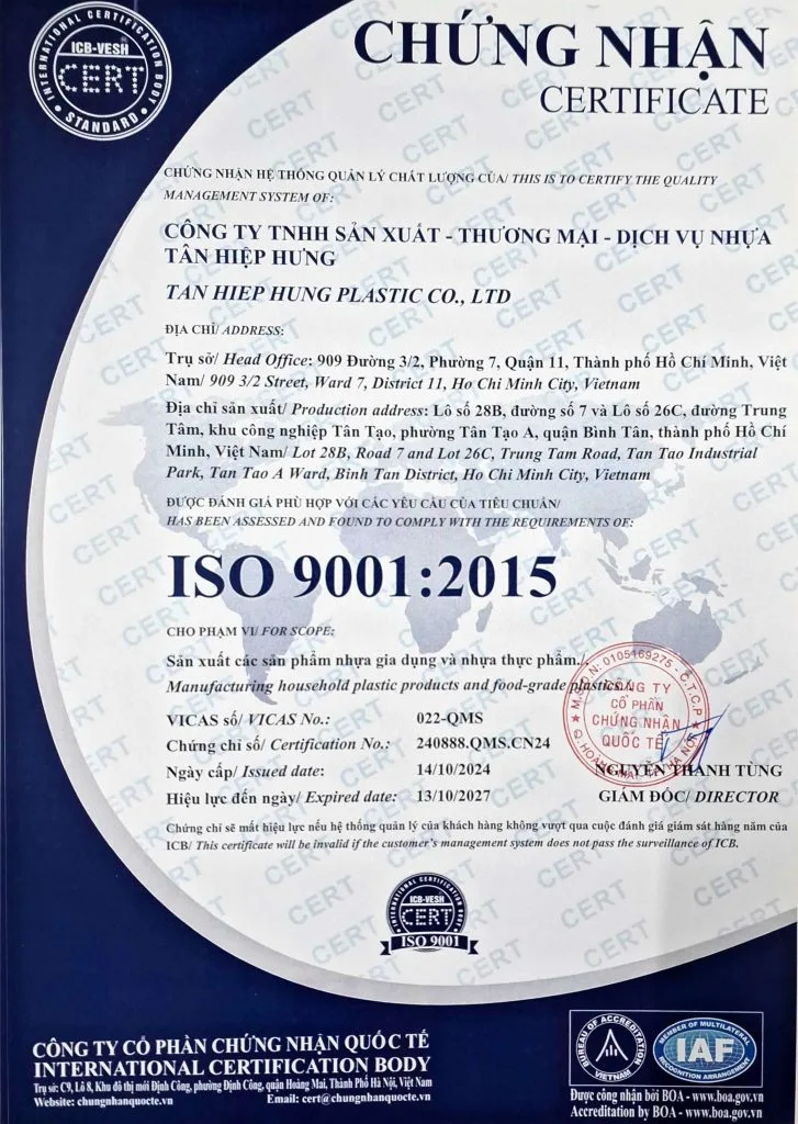 Đặc biệt, chúng tôi luôn đặt yếu tố an toàn vệ sinh thực phẩm lên hàng đầu bằng việc sử dụng chất liệu nhựa nguyên sinh trong sản xuất. Điều này không chỉ đảm bảo chất lượng và độ bền của sản phẩm mà còn góp phần bảo vệ sức khỏe người tiêu dùng.
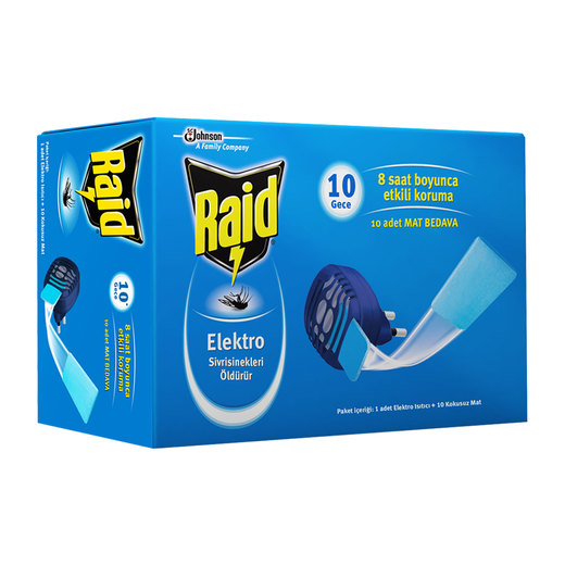 Raid Elektro Mat, odanızdaki sivrisineklerden kurtulmanızı sağlayan ve sivrisineklerin odanıza girmesini engellleyen bir çözümdür.Raid Elektro Mat, tabletleri, yakaşık 8 saat süre ile sivrisineklere karşı etkilidir.
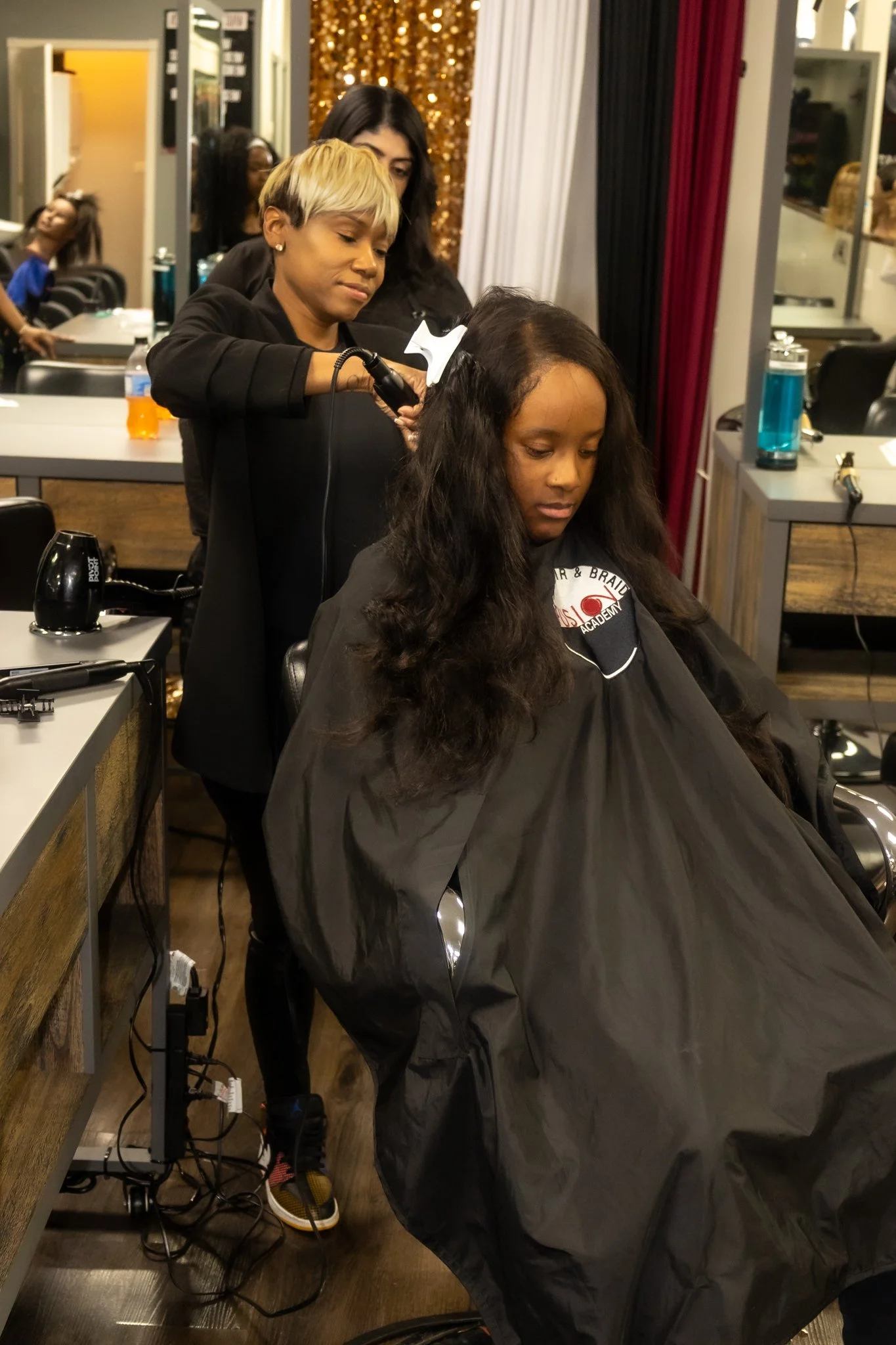 There weren’t braiding-specific licenses in 2009, so Drake attended cosmetology school, first to obtain a license and then to pursue a teaching degree. She continued to hone her braiding knowledge through salon work and trade shows until, in 2016 she opened her own brick and mortar: Luv’le Style Salon. Over the past decade, she hasn’t slowed down. After the salon, she created a haircare line and in 2023 she realized a long-held dream: opening her own braiding school.

Your assignment: Please transcribe the material above exactly as written. Leave the pictures out.

Task result:
 Đặc biệt, chúng tôi luôn đặt yếu tố an toàn vệ sinh thực phẩm lên hàng đầu bằng việc sử dụng chất liệu nhựa nguyên sinh trong sản xuất. Điều này không chỉ đảm bảo chất lượng và độ bền của sản phẩm mà còn góp phần bảo vệ sức khỏe người tiêu dùng.
 Raid Elektro Mat, odanızdaki sivrisineklerden kurtulmanızı sağlayan ve sivrisineklerin odanıza girmesini engellleyen bir çözümdür.Raid Elektro Mat, tabletleri, yakaşık 8 saat süre ile sivrisineklere karşı etkilidir.
 There weren’t braiding-specific licenses in 2009, so Drake attended cosmetology school, first to obtain a license and then to pursue a teaching degree. She continued to hone her braiding knowledge through salon work and trade shows until, in 2016 she opened her own brick and mortar: Luv’le Style Salon. Over the past decade, she hasn’t slowed down. After the salon, she created a haircare line and in 2023 she realized a long-held dream: opening her own braiding school.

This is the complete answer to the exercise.